* WHAT TO DO
Please repeat exactly the lines from the one containing "18.65 Acres of" through the last line of the records below, leaving out any pictures.

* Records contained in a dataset
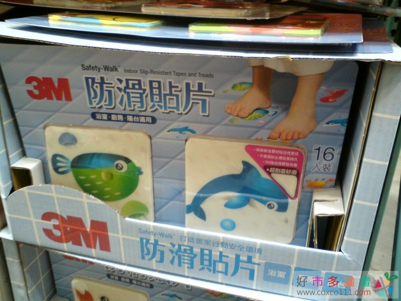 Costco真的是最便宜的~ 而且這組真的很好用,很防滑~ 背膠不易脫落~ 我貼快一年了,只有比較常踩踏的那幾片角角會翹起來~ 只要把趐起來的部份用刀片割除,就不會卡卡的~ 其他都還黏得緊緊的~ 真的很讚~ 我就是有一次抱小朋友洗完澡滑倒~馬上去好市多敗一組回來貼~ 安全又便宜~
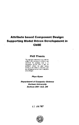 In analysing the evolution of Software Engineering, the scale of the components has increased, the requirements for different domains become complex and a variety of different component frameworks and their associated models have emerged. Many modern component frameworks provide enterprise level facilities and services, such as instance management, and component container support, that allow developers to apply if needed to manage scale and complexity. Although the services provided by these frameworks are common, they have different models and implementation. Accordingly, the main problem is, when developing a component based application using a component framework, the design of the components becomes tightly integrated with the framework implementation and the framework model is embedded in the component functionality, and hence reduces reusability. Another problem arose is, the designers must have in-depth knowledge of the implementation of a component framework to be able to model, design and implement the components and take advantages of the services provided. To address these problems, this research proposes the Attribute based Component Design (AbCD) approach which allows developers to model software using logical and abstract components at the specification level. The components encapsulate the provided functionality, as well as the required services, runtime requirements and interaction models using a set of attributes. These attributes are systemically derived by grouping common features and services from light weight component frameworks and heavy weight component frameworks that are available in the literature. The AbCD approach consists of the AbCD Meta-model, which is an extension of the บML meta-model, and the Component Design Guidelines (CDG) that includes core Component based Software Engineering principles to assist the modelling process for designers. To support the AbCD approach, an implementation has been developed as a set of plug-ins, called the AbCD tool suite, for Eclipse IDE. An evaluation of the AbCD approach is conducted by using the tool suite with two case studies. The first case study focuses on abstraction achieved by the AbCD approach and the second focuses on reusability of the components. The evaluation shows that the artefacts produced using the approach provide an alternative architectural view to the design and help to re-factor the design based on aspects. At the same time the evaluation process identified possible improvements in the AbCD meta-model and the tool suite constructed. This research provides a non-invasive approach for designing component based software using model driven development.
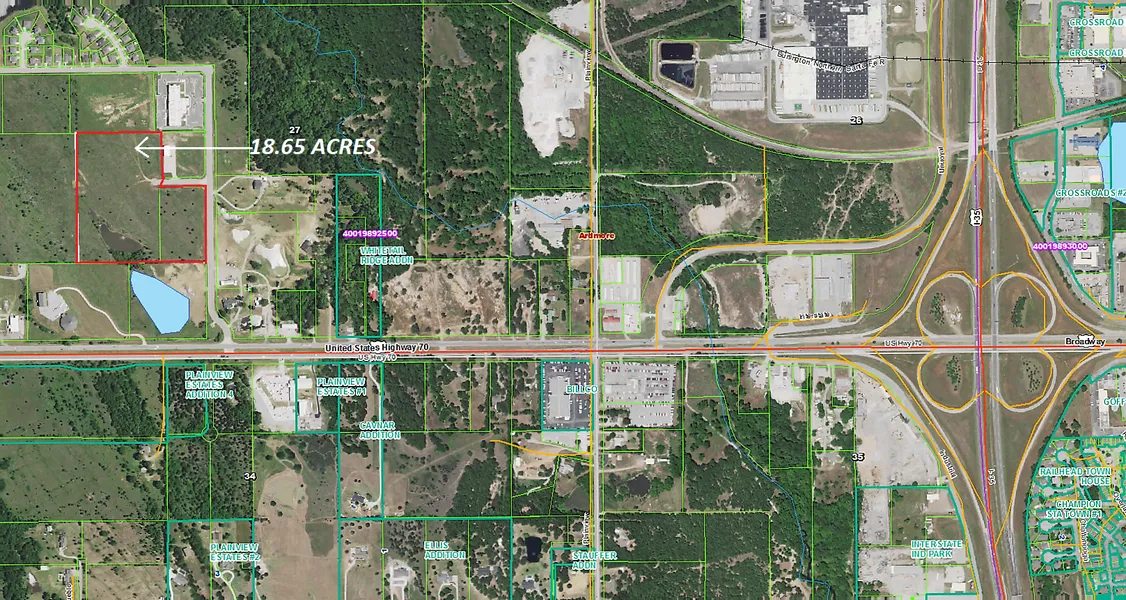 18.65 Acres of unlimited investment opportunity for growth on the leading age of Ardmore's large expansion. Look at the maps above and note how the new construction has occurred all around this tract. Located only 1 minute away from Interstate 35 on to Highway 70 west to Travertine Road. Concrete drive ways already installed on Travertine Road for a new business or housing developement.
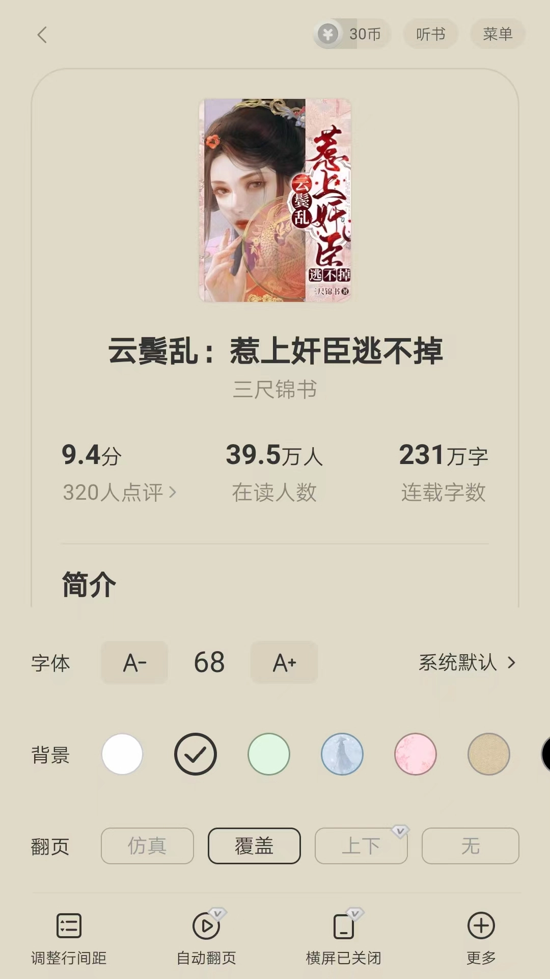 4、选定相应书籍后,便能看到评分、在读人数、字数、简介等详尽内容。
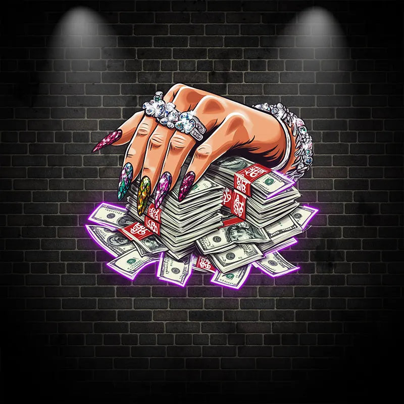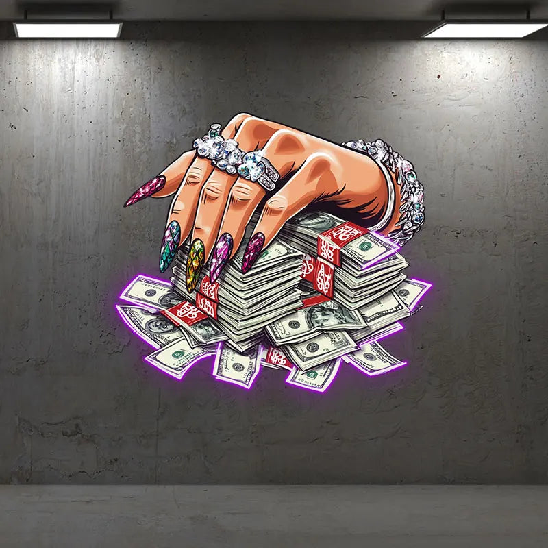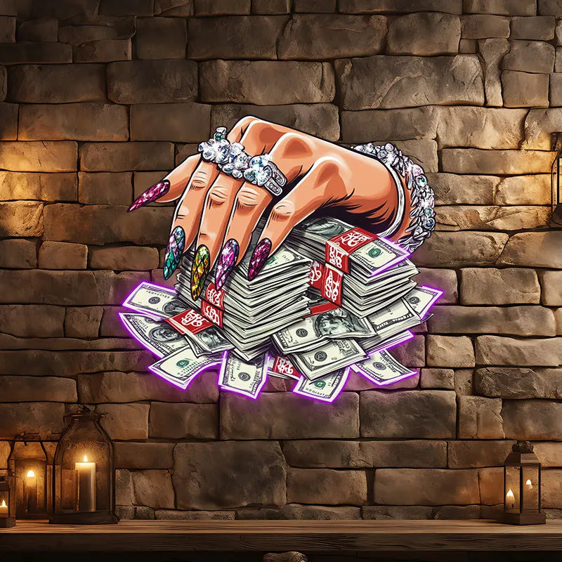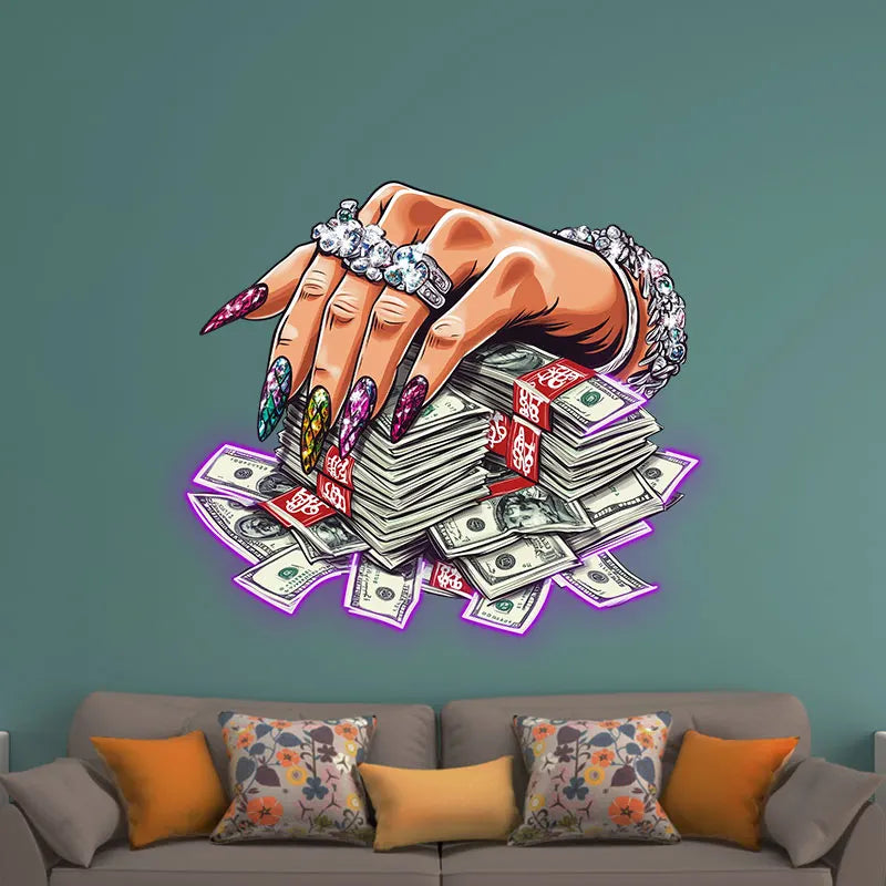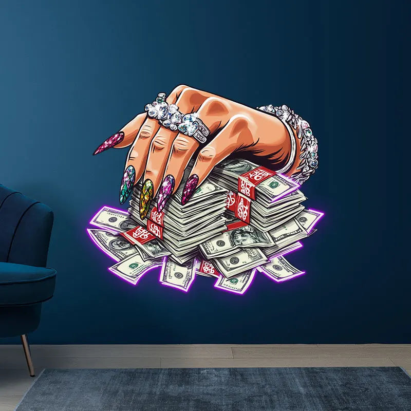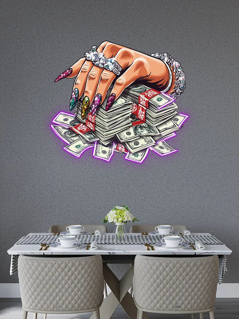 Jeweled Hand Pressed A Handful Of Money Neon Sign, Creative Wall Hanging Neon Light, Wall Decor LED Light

* EXERCISE RESULT
 18.65 Acres of unlimited investment opportunity for growth on the leading age of Ardmore's large expansion. Look at the maps above and note how the new construction has occurred all around this tract. Located only 1 minute away from Interstate 35 on to Highway 70 west to Travertine Road. Concrete drive ways already installed on Travertine Road for a new business or housing developement.
 4、选定相应书籍后,便能看到评分、在读人数、字数、简介等详尽内容。
 Jeweled Hand Pressed A Handful Of Money Neon Sign, Creative Wall Hanging Neon Light, Wall Decor LED Light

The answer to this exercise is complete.